KoljaB / RealtimeSTT

A robust, efficient, low-latency speech-to-text library with advanced voice activity detection, wake word activation and instant transcription.
MIT License
2.09k stars 190 forks source link

Docker is not working #110

Open IlyaShkurenko opened 2 months ago

IlyaShkurenko commented 2 months ago

Spent whole day to try this run by different ways and with no one had success. Always some errors. Here is the docker error python3: can't open file '/app/example_browserclient/server.py': [Errno 2] No such file or directory

IlyaShkurenko commented 2 months ago

Also receive this error once I said something Say something... Traceback (most recent call last): File "/Users/illiashkurenko/.pyenv/versions/3.10.11/lib/python3.10/site-packages/RealtimeSTT/tests/simple_test.py", line 6, in while (True): print(recorder.text(), end=" ", flush=True) File "/Users/illiashkurenko/.pyenv/versions/3.10.11/lib/python3.10/site-packages/RealtimeSTT/audio_recorder.py", line 893, in text return self.transcribe() File "/Users/illiashkurenko/.pyenv/versions/3.10.11/lib/python3.10/site-packages/RealtimeSTT/audio_recorder.py", line 844, in transcribe status, result = self.parent_transcription_pipe.recv() File "/Users/illiashkurenko/.pyenv/versions/3.10.11/lib/python3.10/multiprocessing/connection.py", line 250, in recv buf = self._recv_bytes() File "/Users/illiashkurenko/.pyenv/versions/3.10.11/lib/python3.10/multiprocessing/connection.py", line 414, in _recv_bytes buf = self._recv(4) File "/Users/illiashkurenko/.pyenv/versions/3.10.11/lib/python3.10/multiprocessing/connection.py", line 383, in _recv raise EOFError EOFError

KoljaB commented 2 months ago

Docker support was a PR, I have no clue about Linux. The EOFError seems to hint to the child process responsible for transcription might have terminated unexpectedly, closing the pipe before the parent process could read from it. I'd test faster_whisper installation separately first. Might create an exception in the transcribe method.
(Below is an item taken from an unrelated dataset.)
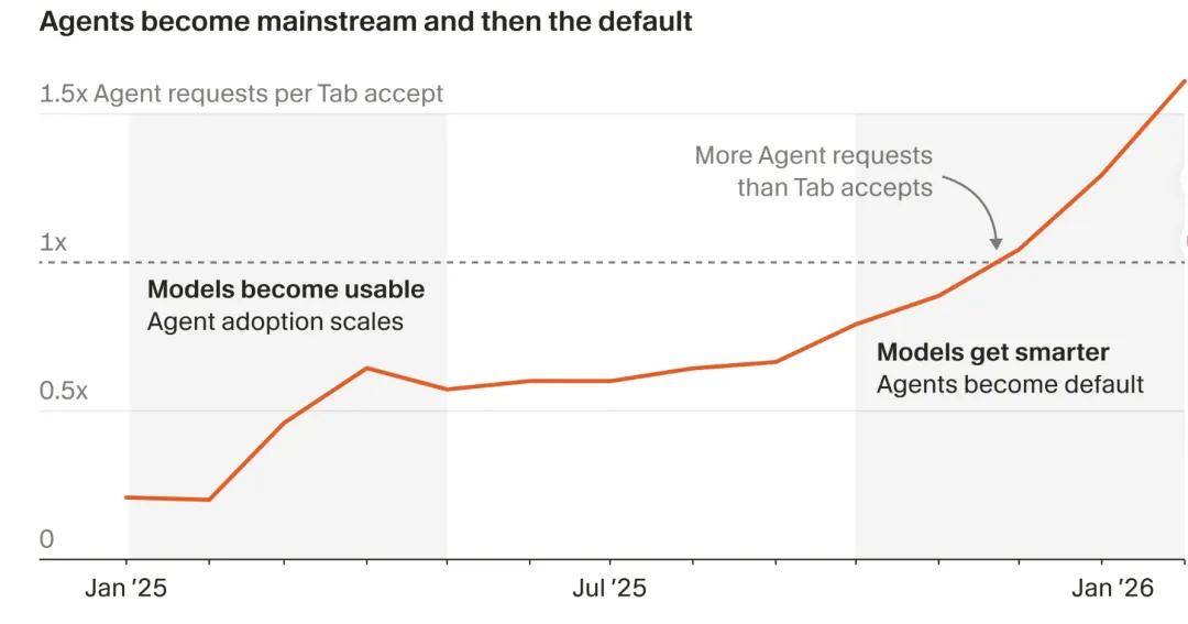 数据显示,2025 年 3 月,Cursor 的 Tab 用户数量大约是 Agent 用户的 2.5 倍,而现在,这一比例已经反转 ——Agent 用户数量是 Tab 用户的 2 倍,且 Agent 使用量仍在快速攀升。

IlyaShkurenko commented 2 months ago

so how I can run it or from what this error depends on since someone don't have it?

KoljaB commented 2 months ago

The EOFError on this recv() call means the pipe was closed from the other end before sending back a response. The most probable reason is that the the transcription worker process is terminating unexpectedly before it can send a response, might be an unhandled exception causing it to exit before responding. Because of this I asked to test faster_whisper seperately. I assume faster_whisper does not run correctly and causes the thread to exit. Notice if faster_whisper fails we don't see logging here because transcription happens in the new process and it would print to it's invisible stdout. Might route that back to main stdout soon but that also can potentially introduce new problems.

Another possible reasons for EOFError (that I think are rather unlikely) are problems with the multiprocessing setup, causing the pipe to close prematurely. Or that the shutdown_event might be getting set somehow unexpectedly, causing the worker to exit its main loop.

You find infos about how to test faster whisper in their repo.

IlyaShkurenko commented 2 months ago

I was able to run It in cloud but anyway thanks for help.

Also do the increasing of resources like GPU, CPU, RAM affects?

I had 2 GPU, 8vCPU(4 core) 30GB memory then I changed to 4 GPU, 16vCPU(8 code) 60 GB memory and I didn't receive any changes in performance. fullSentence using large-v2 is coming after 2-3 seconds for a phrase with 20-25 words.

Is there a way how I can speed up it to 0.5-1 second?

P.S. Thanks for a good job!

KoljaB commented 2 months ago

The number of GPUs should not have any affect. The one thing that really speeds it up is CUDA being available for the torch installation (you can check with torch.cuda.is_available()). In this case transcription time even with large-v2 should be WAY below 1 second for the small chunks we provide here.